6. Spinning machine according to claim 2,

7. Spinning machine according to claim 3,

8. Spinning machine according to claim 4,

9. Spinning machine according to claim 1,

the number of the air piping is 1,

the air pipe extends in an arrangement direction of the plurality of spinning units.

10. Spinning machine according to claim 2,

the number of the air piping is 1,

11. Spinning machine according to claim 3,

the number of the air piping is 1,

12. Spinning machine according to claim 4,

the number of the air piping is 1,

13. Spinning machine according to claim 5,

the number of the air piping is 1,

14. Spinning machine according to claim 6,

the number of the air piping is 1,

15. Spinning machine according to claim 7,

the number of the air piping is 1,

16. Spinning machine according to claim 8,

the number of the air piping is 1,

17. Spinning machine according to any one of claims 1 to 16,

the control device acquires the number of the running rotations based on a yarn running signal output from each of the spinning units.

18. Spinning machine according to any one of claims 1 to 16,

the spinning machine is provided with a flow rate measuring device for measuring the flow rate of the air flowing through the air pipe,

the control device acquires the operation speed based on the measurement result of the flow rate measurement device.

19. Spinning machine according to any one of claims 1 to 16,

supplying only the air containing the additive to the air spinning device in operation.

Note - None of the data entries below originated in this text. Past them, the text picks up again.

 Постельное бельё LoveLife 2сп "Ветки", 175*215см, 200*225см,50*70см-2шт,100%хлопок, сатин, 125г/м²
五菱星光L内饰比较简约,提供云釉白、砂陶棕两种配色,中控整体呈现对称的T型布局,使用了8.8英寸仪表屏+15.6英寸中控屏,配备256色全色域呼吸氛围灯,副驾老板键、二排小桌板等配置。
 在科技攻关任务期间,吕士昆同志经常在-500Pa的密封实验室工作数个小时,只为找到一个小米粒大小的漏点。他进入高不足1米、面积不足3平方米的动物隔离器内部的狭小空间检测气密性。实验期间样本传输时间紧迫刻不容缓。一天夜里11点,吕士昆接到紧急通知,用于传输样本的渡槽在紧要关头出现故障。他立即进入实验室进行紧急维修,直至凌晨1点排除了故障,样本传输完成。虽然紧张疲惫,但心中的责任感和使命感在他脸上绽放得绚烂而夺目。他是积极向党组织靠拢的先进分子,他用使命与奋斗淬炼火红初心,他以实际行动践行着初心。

20. Spinning machine according to claim 17,

21. Spinning machine according to any of claims 1-16, 20,

the control device maintains the operation of continuously supplying the additive in a fixed amount when the operation number becomes less than a predetermined number due to a temporary stop of the operation of the air spinning device after the operation number becomes equal to or more than the predetermined number.

22. Spinning machine according to claim 17,

23. Spinning machine according to claim 18,

24. Spinning machine according to claim 19,

25. Spinning machine according to any one of claims 1 to 16, 20, 22 to 24,

the control of continuously supplying the additive is performed for a longer period than the intermittent control.

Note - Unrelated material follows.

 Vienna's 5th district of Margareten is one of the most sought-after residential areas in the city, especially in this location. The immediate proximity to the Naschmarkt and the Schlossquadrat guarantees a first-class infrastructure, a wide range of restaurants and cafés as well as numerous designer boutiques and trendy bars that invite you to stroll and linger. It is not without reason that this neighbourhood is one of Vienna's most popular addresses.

26. Spinning machine according to claim 17,

27. Spinning machine according to claim 18,

28. Spinning machine according to claim 19,

29. Spinning machine according to claim 21,

30. A spinning method is implemented in a spinning machine, and the spinning machine comprises: a plurality of spinning units each including an air spinning device that generates a yarn by a spinning operation of twisting a fiber bundle with air, and a winding device that winds the yarn around a bobbin to form a package; an air pipe connected to upstream sides of a plurality of supply pipes for supplying the air to the air spinning devices of the plurality of spinning units, respectively, and through which the air flows; and a supply device for supplying an additive to the air pipe,

the method of spinning is characterized in that,

when the number of operations of the air spinning device is less than a predetermined number, the supply device is controlled to intermittently control the supply of the additive so that the amount of the additive supplied is increased in accordance with an increase in the number of operations or the amount of the additive supplied is decreased in accordance with a decrease in the number of operations, and the amount of the additive supplied is increased in accordance with the increase in the number of operations

(the period during which the additive is supplied/the intermittent period) is set as a relationship of (the number of operation/the predetermined number of operations of the air spinning device),

when the number of operation revolutions is a predetermined number or more, the supply device is controlled so as to continuously supply a fixed amount of the additive, and the supply amount of the additive is set based on the predetermined number of operation revolutions of the air spinning device and an optimum amount of the additive for 1 air spinning device.